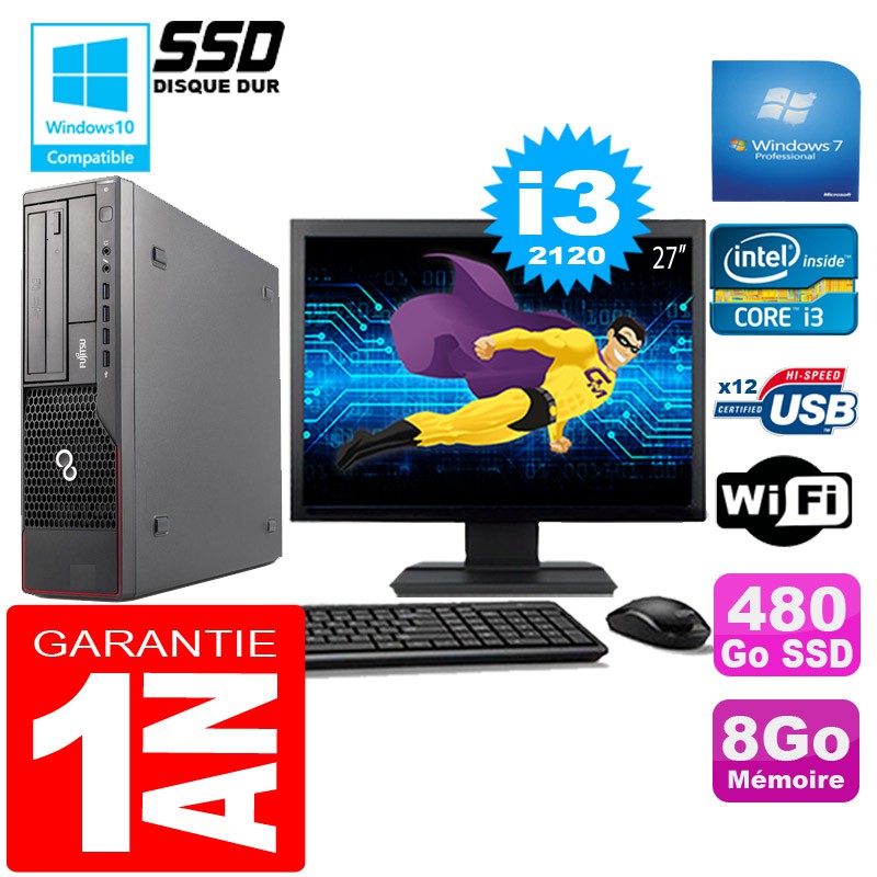 PC Fujitsu Esprimo E700 E90+ SFF - Intel Core I3-2120 3,3Ghz - 8Go DDR3 - Disque Dur 480 Go SSD - Graveur DVD - Clé WIFI USB - Windows 7 Pro - Pack Clavier + Souris + Ecran 27" ( Marque et modéles selon arrivages) - Garantie = 1 an.
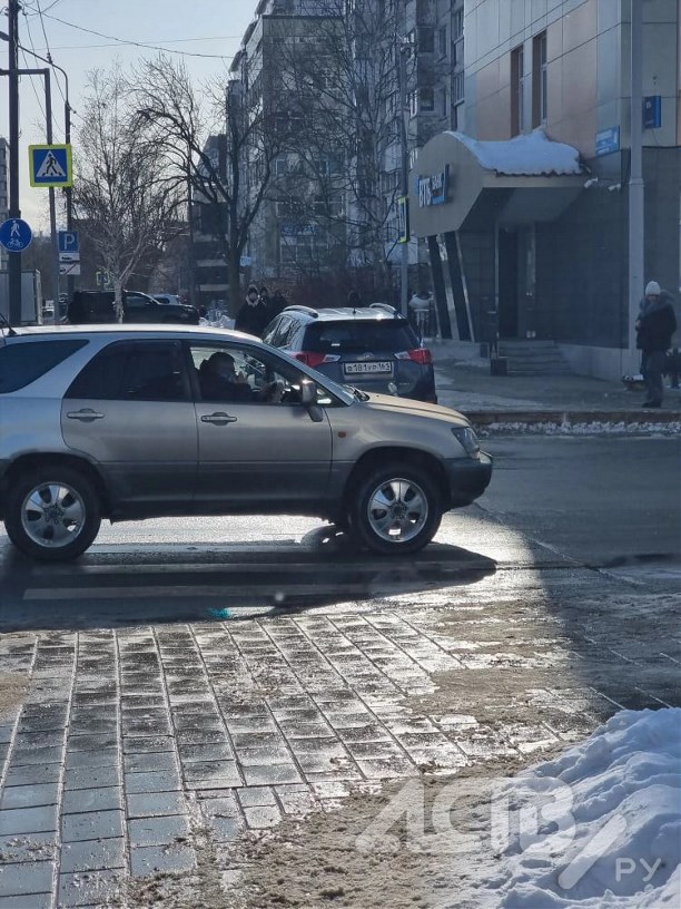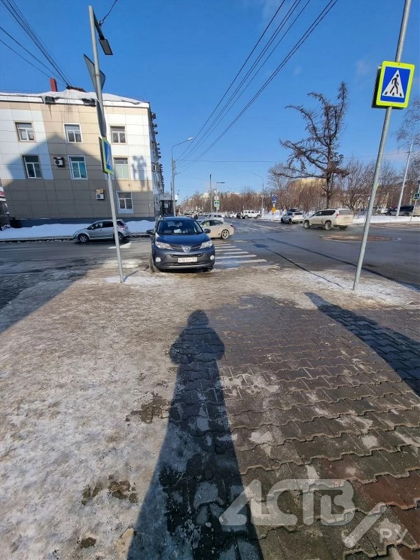 Странный способ парковки автомобилиста шокировал жителей Южно-Сахалинска. Водитель бросил своего железного коня прямо на "зебре" рядом с дорожным знаком.
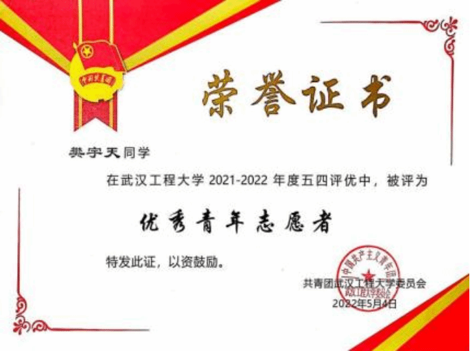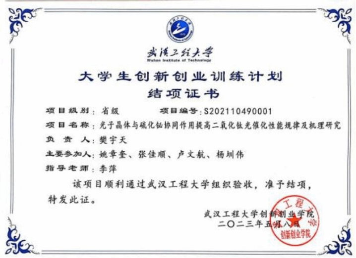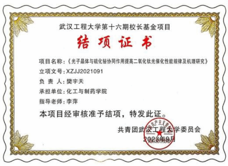 从大一开始,樊宇天申请加入学院李萍老师的实验室进行科研训练,主持了湖北省大学生创新创业项目1项和mk网页版登录入口校长基金项目1项,目前均已结项;发表论文5篇,其中一区SCI期刊论文1篇、二区SCI期刊论文1篇。

============================================================

▶ WHAT IS REQUIRED:
Apart from the images, reproduce the listing exactly as it appears.

▶ SOLUTION FOR THIS PROBLEM:
 PC Fujitsu Esprimo E700 E90+ SFF - Intel Core I3-2120 3,3Ghz - 8Go DDR3 - Disque Dur 480 Go SSD - Graveur DVD - Clé WIFI USB - Windows 7 Pro - Pack Clavier + Souris + Ecran 27" ( Marque et modéles selon arrivages) - Garantie = 1 an.
 Странный способ парковки автомобилиста шокировал жителей Южно-Сахалинска. Водитель бросил своего железного коня прямо на "зебре" рядом с дорожным знаком.
 从大一开始,樊宇天申请加入学院李萍老师的实验室进行科研训练,主持了湖北省大学生创新创业项目1项和mk网页版登录入口校长基金项目1项,目前均已结项;发表论文5篇,其中一区SCI期刊论文1篇、二区SCI期刊论文1篇。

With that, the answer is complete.